She and her colleagues were interested in the repeated and widespread evolution of these two approaches across the animal tree of life and why certain species develop one strategy over the other.

While smaller studies had investigated the effectiveness of each strategy in nature, a more complete answer requires substantially more environmental variation to tease apart the most influential factors, Guzman says. “It’s only achievable if we run the same thing across a lot of different types of forests and locations with different conditions.”

Her team conducted experiments in 21 wooded areas across six continents, from polar locations such as Finland and Canada to warmer forests in Kenya, Australia and Brazil. From 2020 to 2022, colleagues around the globe prepared more than 15,000 paper triangles simulating moths or butterflies.

Some were colored with orange-black warning striping — a typical palette for moth defensive colors — while others had an unusual bright turquoise-black pattern. A third set had barklike camouflage. The researchers attached mealworms to these mock moths as bait for local birds, then set them out in the forest, recording how many mealworms the birds ate over an eight-day period. The scientists also collected data on forest light levels along with predator and prey insect populations through bird and butterfly surveys.

Neither defense worked universally best, the team found. Rather, the relative protection of the mock moths depended on local factors. For instance, warning colors were more effective in places with few predators.

“That fits well with the theory that suggests that when competition is intense, the predators just have to go and eat whatever they can,” Guzman says. “[The color is] just attracting attention. It’s not working as a warning signal anymore.”

Kikuchi was surprised at how well the typical orange-black warning signal worked across various ecosystems.

“There is often quite strong selection against rather small deviations from local warning signals,” he says.
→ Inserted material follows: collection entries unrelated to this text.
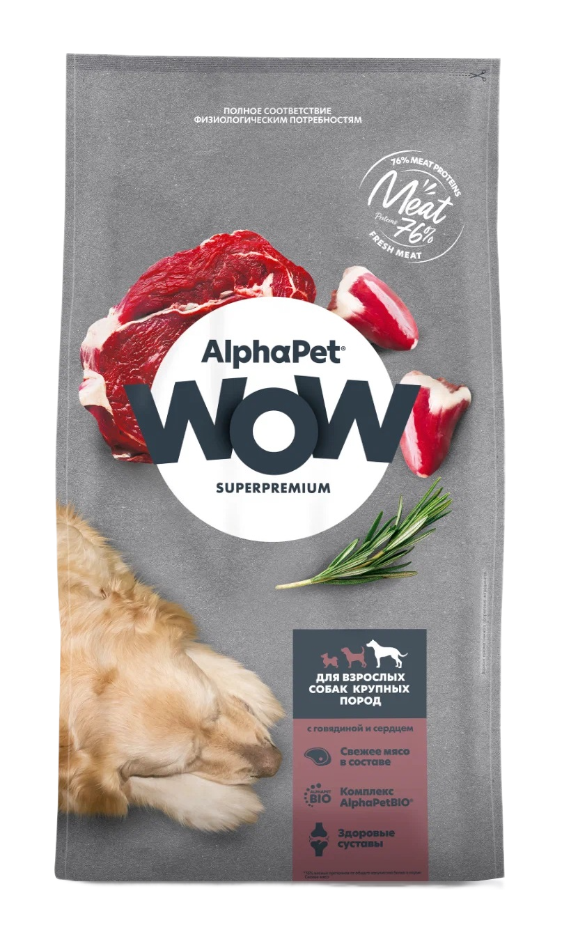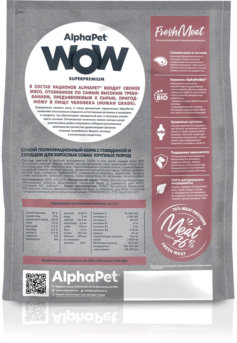 Сухой корм для собак AlphaPet WOW Superpremium, для крупных пород, с говядиной и сердцем, 7кг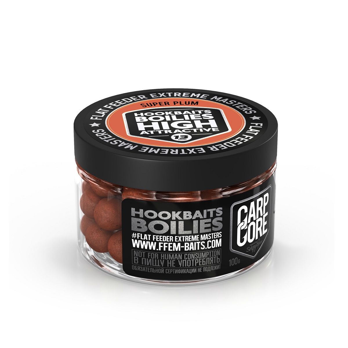 Бойлы Ffem Hookbaits Boilies Super Plum 100гр 13мм пылящие, вареные, Супер Слива, в банке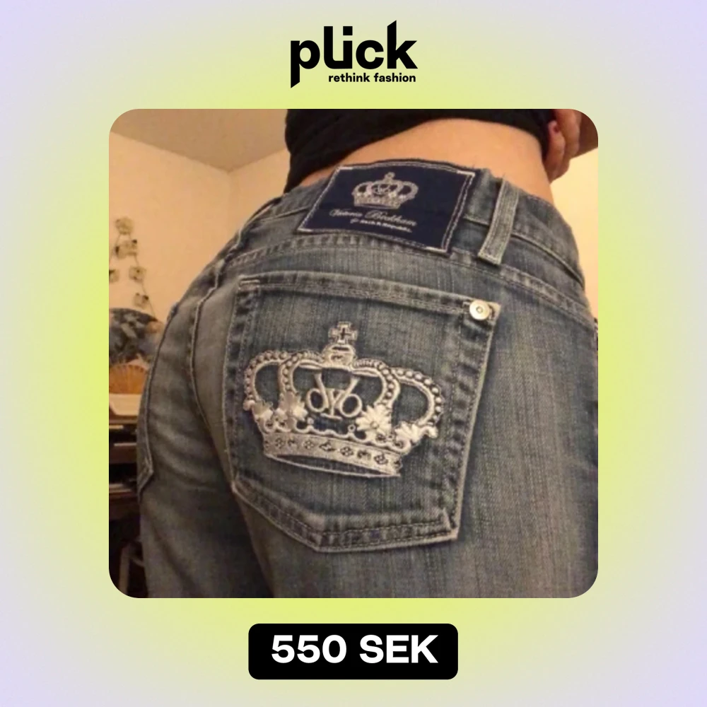 As snygga låga midjade Victoria Beckham jeans med coola detaljer på fickorna🤩🤩 jeansen ör i bra skick förutom en slitning som man ser på bild 3

Patterns that fall outside the local norm might not be recognized as warnings, theoretically leaving those aberrant insects undefended.

Light levels had little impact on the effectiveness of warning signals, though camouflage didn’t work as well in low light levels. 

“If the habitat has big changes in light levels from things like logging, that could potentially have a very big impact on the community of prey,” Guzman says, possibly dampening the camouflage’s effectiveness and leading to more insects being eaten. “But [it] might not as badly affect the species that uses warning signals.”

The findings may mean that camouflage coloring could appear and disappear more readily over evolutionary timescales compared with the more resilient warning signals.

Guzman says she’s now curious to see how human transformations of the environment influence the relative success of these defensive strategies.